Customer churn prediction is essential for subscription-based businesses. This project explores a Bayesian generative model used to simulate customer behavior over 30 days, followed by Long Short-Term Memory (LSTM) neural networks trained to classify churn. Results show high accuracy (93%) and strong performance metrics (F1-score: 0.86, AUC: 0.98), suggesting that combining generative simulation and deep learning is effective for churn modeling.


## Introduction

Churn, or the loss of customers, is costly for companies. Traditional churn models often rely on static features or simple heuristics, ignoring temporal dynamics. To capture customer behavior more realistically, this project uses two-steps:

1. Simulate customer sequences with a Bayesian model based on churn status  
2. Predict churn using sequential deep learning (LSTM)

Question: *Can a deep learning model trained on synthetic, behavior-based sequences accurately detect churn?*


## Methods

### Data Simulation

Using the Telco Customer Churn dataset as a base for labels, customer behavior over 30 days was simulated using a PyMC Bayesian model.

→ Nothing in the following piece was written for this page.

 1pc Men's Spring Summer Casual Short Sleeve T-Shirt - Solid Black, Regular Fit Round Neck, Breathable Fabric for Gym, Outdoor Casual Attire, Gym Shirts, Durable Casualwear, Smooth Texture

Three sequences were generated per customer:

- `logins_seq`: daily number of logins (Poisson distribution)
- `support_seq`: binary indicator of customer support contact (Binomial)
- `data_seq`: daily data usage in GB (Gamma)

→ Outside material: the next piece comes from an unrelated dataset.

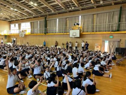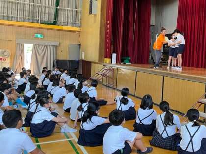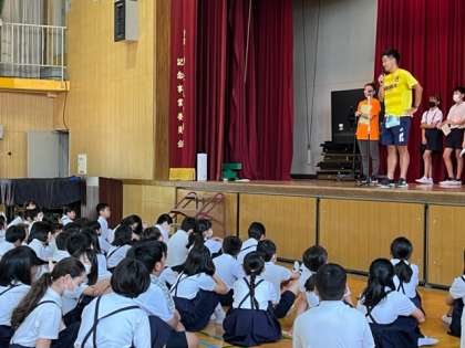 今朝、講堂で行った児童集会では「声あてゲーム」を行いました。複数の児童が同時に一音ずつ発した言葉を組み合わせて、何という単語になるかをあてるゲームです。なかなか難しいゲームです。体育主任の先生からは安全のために運動場での遊び方についての注意がありました。

The model samples from posterior distributions of parameters (e.g., churners have lower login rates and higher support contact probability). Random noise is added at generation to introduce variance across samples.

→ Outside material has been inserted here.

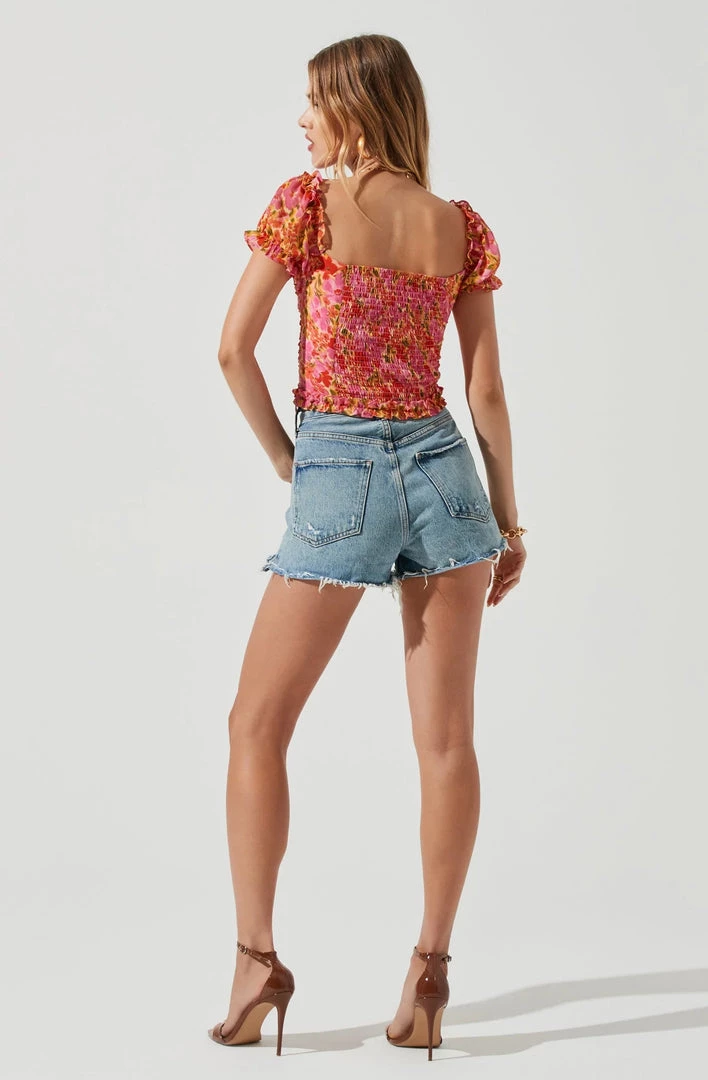 Keep it sweet in the Helena Top. It features a subtle sweetheart neckline with ruffle trim and an allover ruched design. Short sleeves. Smocked back.

A total of 7,035 customers were simulated. The churn label from the Telco dataset (Yes/No) was used as the target variable, while synthetic sequences were generated for each customer over 30 days. Data was split into train and test sets and shaped into `(n_samples, 30, 3)` tensors.



### Long Short-Term Memory (LSTM)

LSTM is a type of recurrent neural network (RNN) designed to model sequential data and overcome the vanishing gradient problem associated with traditional RNNs. LSTMs achieve this using memory cells and gates (input, forget, and output) that control the flow of information across time steps.

In this project, the LSTM architecture enables the model to capture temporal patterns in customer behavior over a 30-day window. The first LSTM layer extracts sequence-level features, while subsequent TimeDistributed dense layers apply learned transformations at each time step. A second LSTM layer then compresses the sequence into a fixed-size representation for the final churn prediction.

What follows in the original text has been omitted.